THE LOSS FOUNDATION BLOG

personalized expeditions in music from a musician who doesn't matter

Re-release notes: Aprosody’s Ignition Etudes (and beyond)

Posted by r on February 21, 2012

“Chafing may result from extended exposure. This is intentional.”
– From the original liner notes, Aprosody – Ignition Etudes, 2000


(edit cleanup 3.19.13: This post is a Behind the Music post all about a relatively unforgiving ambient-drone-metal album I recorded in 2000 under the fake band name Aprosody and “reissued” in 2012 on my main music-releasin’ website, lossfoundation.com. As usual, I have a lot more to say about it than most people will probably want to read.)

One of the first old projects I’m putting back up on lossfoundation.com is the Loss Foundation’s very first formal release as a fake label, a record I made under the fake-band name Aprosody in 2000. It’s available once again, as in right this very second, for download and online streaming. The downloadable versions (with separate versions in FLAC and v0 MP3) also include the full original album artwork and lyric sheet in the .zip files.

Titled Ignition Etudes, this not-exactly-metal record was a full-length experiment with a relatively rigid set of compositional and timbral rules, and was actually released in very limited numbers on very-official-looking CD (even reviewed once long ago in actual hold-it-in-your-hand print, by an ultimately quite perplexed reviewer). It hasn’t been available for download since 2004– mostly because I tore the whole Loss Foundation site down for silly reasons at that time, and just didn’t have the archived IE files handy in front of me when I put things back up online in characteristically slapdash manner 4.5 years later.

Ignition Etudes requires a fair amount of precursory explanation and a relatively specific set of listening conditions before it can be semi-enjoyed. That’s always been kind of the whole problem with this record, of course, if not a great deal of art or quasi-art music out there. Having to read things in advance to “get it” is a big turnoff for a huge segment of the potential listening audience.
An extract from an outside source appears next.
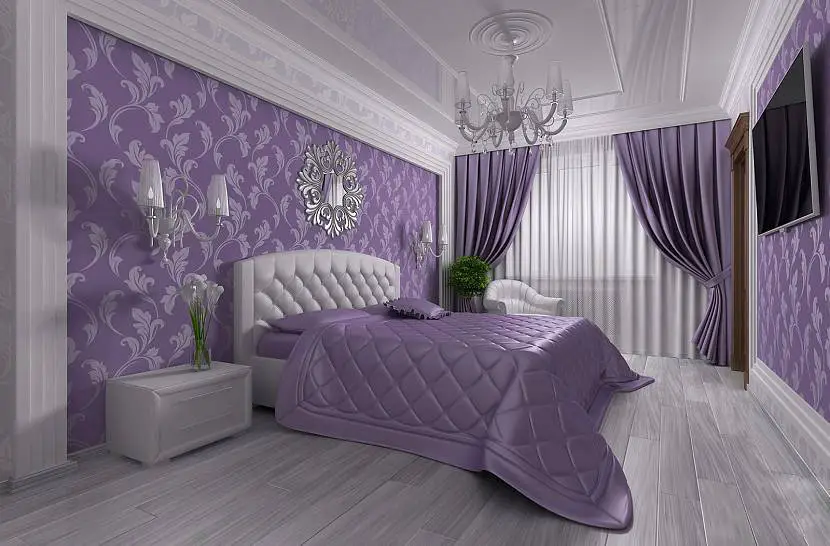Спальня в сиреневом цвете будет выглядеть нежно и романтично.

I stand by IE and still very much enjoy the music on it, at least most of it… but it was definitely an experimental record in some senses, and I’m aware that it’s a little unforgiving and self-indulgent.
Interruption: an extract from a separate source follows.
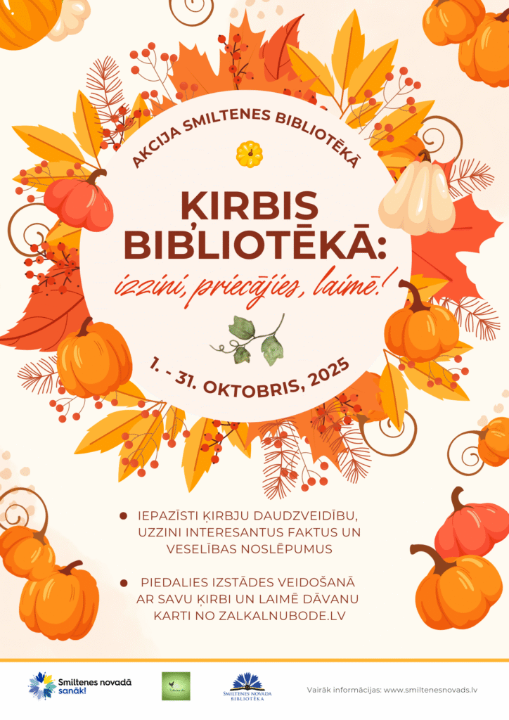 Oktobrī Smiltenes bibliotēkas Bērnu apkalpošanas nodaļā norisināsies akcija “Ķirbis bibliotēkā: izzini, priecājies, laimē!”. Aicinām ikvienu nest uz bibliotēku Gaujas ielā 1 neparastus un interesantus ķirbjus, lai kopā veidotu krāšņu ķirbju izstādi un iepazītu to daudzveidību.

12 years on, I don’t really even know where to place this thing genre-wise; I’m torn between just calling it an “experimental minimalist metal” record and namechecking all the sonic elements and subgenres (trip-hop, shoegaze, grindcore, lo-fi, vintage musique concrete / acousmatic styles, ambient…) that are, to me anyway, equally important ingredients in the blend.

(More explanation / history and a bunch of individual song links, both from and outside the record, after the jump.)
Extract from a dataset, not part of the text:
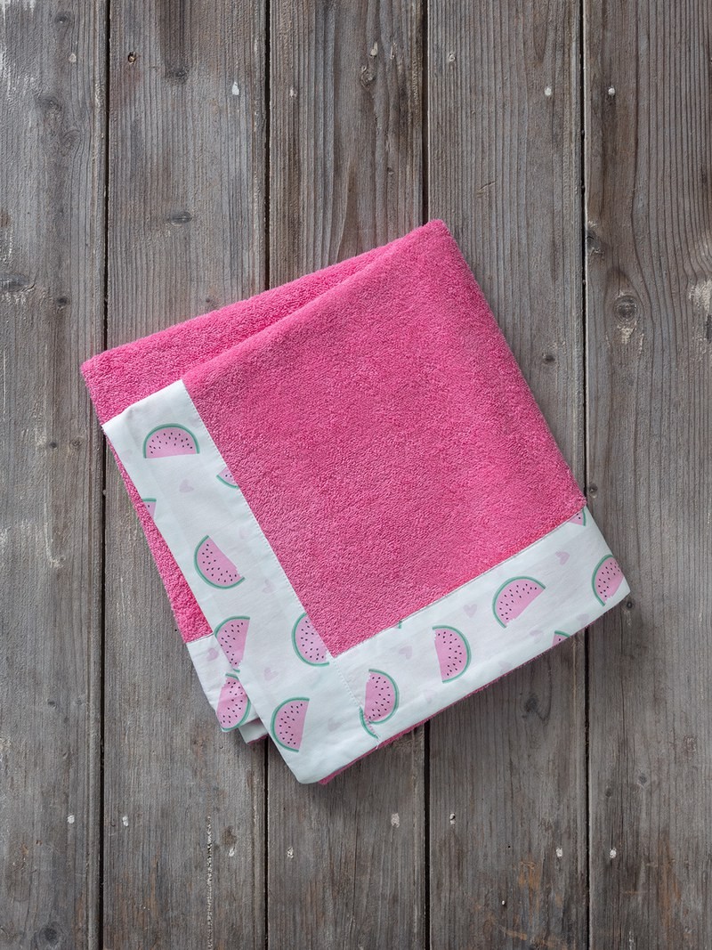 Η παιδική πετσέτα θαλάσσης Popsugar έχει ζωηρό φούξια χρώμα και είναι διακοσμημένη περιμετρικά με digital print φάσα με καρπουζάκια σε ροζ φόντο. Μια πετσέτα που θα αγαπήσουν τα παιδιά και θα τα συντροφεύσει στις καλοκαιρινές τους περιπέτειες.

Godflesh was probably the most obvious influence on the finished product (in opening the source files back up for the first time in years, I laughed to find my working song directories were often named along the lines of “godflesh lives 3”). But I still find that band’s influence on IE more, uh, spiritual in nature rather than anything truly palpable on the surface. I doubt Justin Broadrick would accuse me of ripping him off.

Ignition Etudes is hardly Metal Machine Music to me; it’s (usually) got way too much of a head-nod groove and directed sense of pitch for that comparison to hold any water. But I can see how someone might feel similarly toward this record as they might toward MMM regardless, and I had at least one brutally honest friend who made that direct comparison around the time of the project’s creation.

Aprosody began like so many of my other “projects”– as a single morning’s dumb experiment in February 2000. This was to eventually be released as the album’s second track, “Fluorescent Lights.”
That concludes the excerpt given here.